You can expect to come into session with at least a topic or two to discuss and the conversation will flow from there. It’s okay if you aren’t sure what to talk about in a session – bring that up to Rachel and start the conversation there.
Towards the end of the session, Rachel will wrap things up and/or give you some suggestions for what to think about before the next session.
Rachel prides herself on being “on time," so you can expect to be in the office for 45 minutes.
How do I know if therapy is right for me?
The answer to this depends on what you’re coming into therapy for. In life, we can all benefit from having someone neutral to run ideas or problems by, work through stressors, challenging times and transitions, and to offer support in times of need, anxiety or depressive feelings. It might be time to go to therapy when you are wanting to work on self improvement, struggling with a situation at home, work, school or social situation, or are feeling nervous, depressed, or anxious.

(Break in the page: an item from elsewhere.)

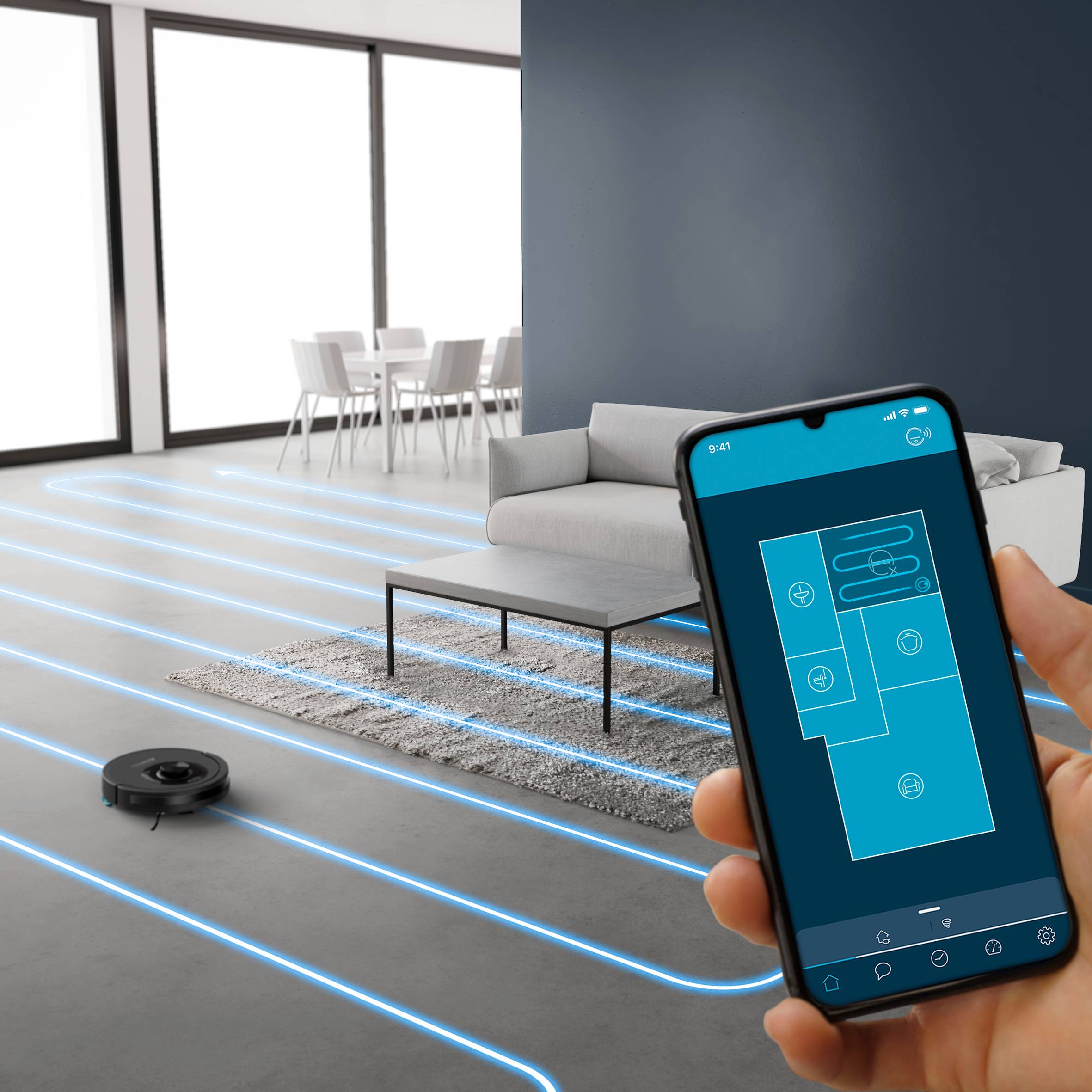 Hĺbkové čistenie vďaka vysokému saciemu výkonu až 6000 Pa Vychutnajte si až 60 dní bez vysypávania prachovej nádoby vďaka automatickej stanici s mimoriadne veľkým objemom prachového vrecka a vysokým stupňom filtrácie prachu Inteligentná navigácia s 360° laserovou detekčnou technológiou ponúka presné čistenie, kompletné pokrytie miestnosti a stálu mapu Presné utieranie pomocou technológie Smart Aqua Power: Systém elektronickej nádržky na vodu umožňuje regulovať objem vody pre každú miestnosť zvlášť Vysáva a utiera súčasne: Vysávajte a utierajte zároveň vďaka kefám na zachytávanie neporiadku všetkých veľkostí a technológii Smart Aqua Power Nepretržité automatické upratovanie: Robot sa vráti do dokovacej stanice, aby sa dobil, a potom pokračuje v upratovaní tam, kde skončil Upratovanie aj skutočne veľkých domácností: Na jedno nabitie robot vyčistí až 270 m2 za 270 minút a potom sa automaticky vráti do svojej stanice, aby sa dobil Upratovanie na mieru: Mobilná aplikácia umožňuje spravovať mapy, plánovať, kde a kedy sa má upratovať, a ďalšie funkcie

The key to succeeding in therapy is to acknowledge that some aspects of change can be uncomfortable. We have to be willing to talk about some things in life that aren’t the easiest. This takes a lot of courage and strength. We also have to understand that some things can get resolved in a short period of time while others might take longer. Therapy is hard work – and Rachel knows that! Rachel recognizes the strength and resilience in our clients and celebrates the successes every step of the way.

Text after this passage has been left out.